Alcañiz Mariano L, Olmos-Raya Elena, Abad Luis
Instituto de Investigación e Innovación en Bioingeniería (i3), Universidad Politécnica de Valencia, España. E-mail:
Instituto de Investigación e Innovación en Bioingeniería (i3), Universidad Politécnica de Valencia, España.
Medicina (B Aires). 2019;79(Suppl 1):77-81.

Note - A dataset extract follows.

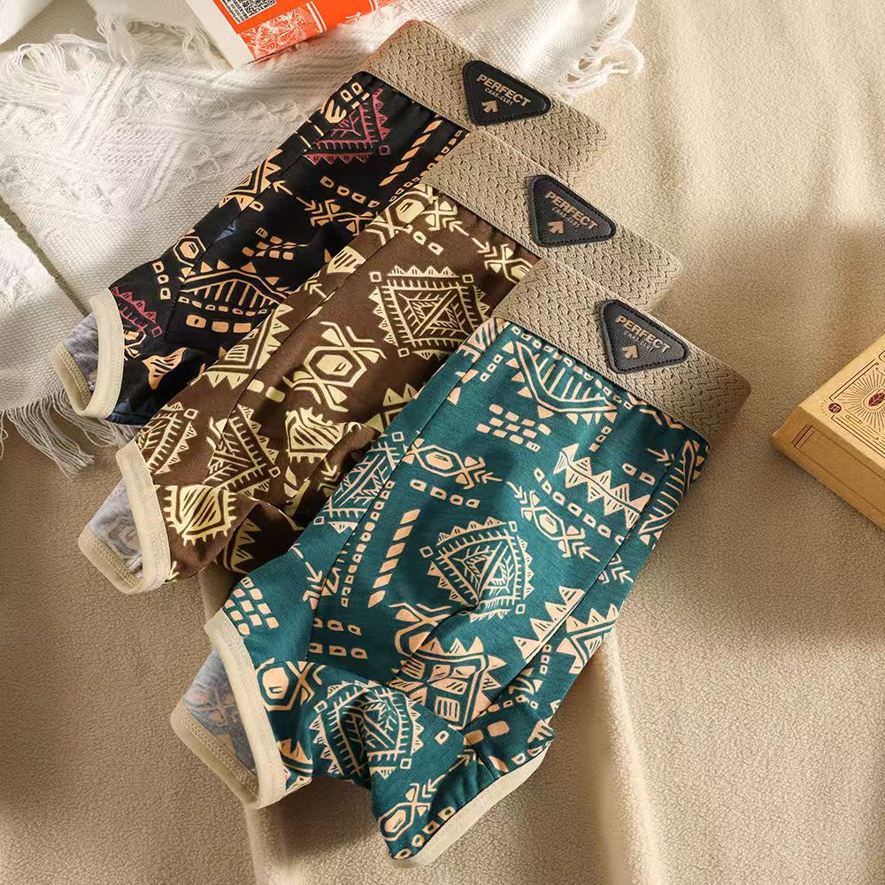 复古民族风男士 男生短裤 内裤 潮流个性 衩 纯棉舒适透气四平角裤 美式

To date, the diagnostic tools for autism spectrum disorder (ASD) have been mostly based on qualitative criteria from observational information in contexts with low ecological validity. We are witnessing a growing scientific activity that proposes the use of implicit measures for the evaluation and diagnosis of ASD. These measures are based on processes of a biological and unconscious nature, underlying the capacity of human cognition, and are obtained through the acquisition and treatment of brain, physiological and behavioral responses in order to obtain the behavioral structure of the ASD patient facing a stimulus. The complex relationship between physiological responses and the behavioral structure of the ASD patient requires the use of advanced techniques of signal processing based on cognitive computation. Artificial intelligence (AI) techniques, such as machine learning and neurocomputing applied to the analysis of psychophysiological signals, have demonstrated their robustness for the classification of complex cognitive constructs. Virtual reality (VR) is a tool that allows recreating real-life situations with high sensory fidelity, but at the same time individually controlling each of the situations and stimuli that influence human behavior. It also allows the measurement in real time of human reactions to such stimuli. This document analyzes the latest scientific and technological advances relevant to its applications in the diagnosis of ASD. We conclude that VR is a very valuable tool for ASD research, especially for the evaluation and diagnosis of complex skills and competencies.
迄今为止,自闭症谱系障碍(ASD)的诊断工具大多基于低生态效度背景下观察信息的定性标准。我们正在见证一场日益活跃的科学活动,该活动提议使用内隐测量方法来评估和诊断ASD。这些测量方法基于具有生物学和无意识性质的过程,这些过程是人类认知能力的基础,并且是通过获取和处理大脑、生理及行为反应来获得ASD患者面对刺激时的行为结构。ASD患者生理反应与行为结构之间的复杂关系需要使用基于认知计算的先进信号处理技术。人工智能(AI)技术,如应用于心理生理信号分析的机器学习和神经计算,已证明其在复杂认知结构分类方面的稳健性。虚拟现实(VR)是一种工具,它能够以高感官保真度重现现实生活场景,但同时又能单独控制影响人类行为的每种情况和刺激。它还允许实时测量人类对这些刺激的反应。本文分析了与VR在ASD诊断中的应用相关的最新科技进展。我们得出结论,VR是ASD研究中非常有价值的工具,尤其对于复杂技能和能力的评估与诊断。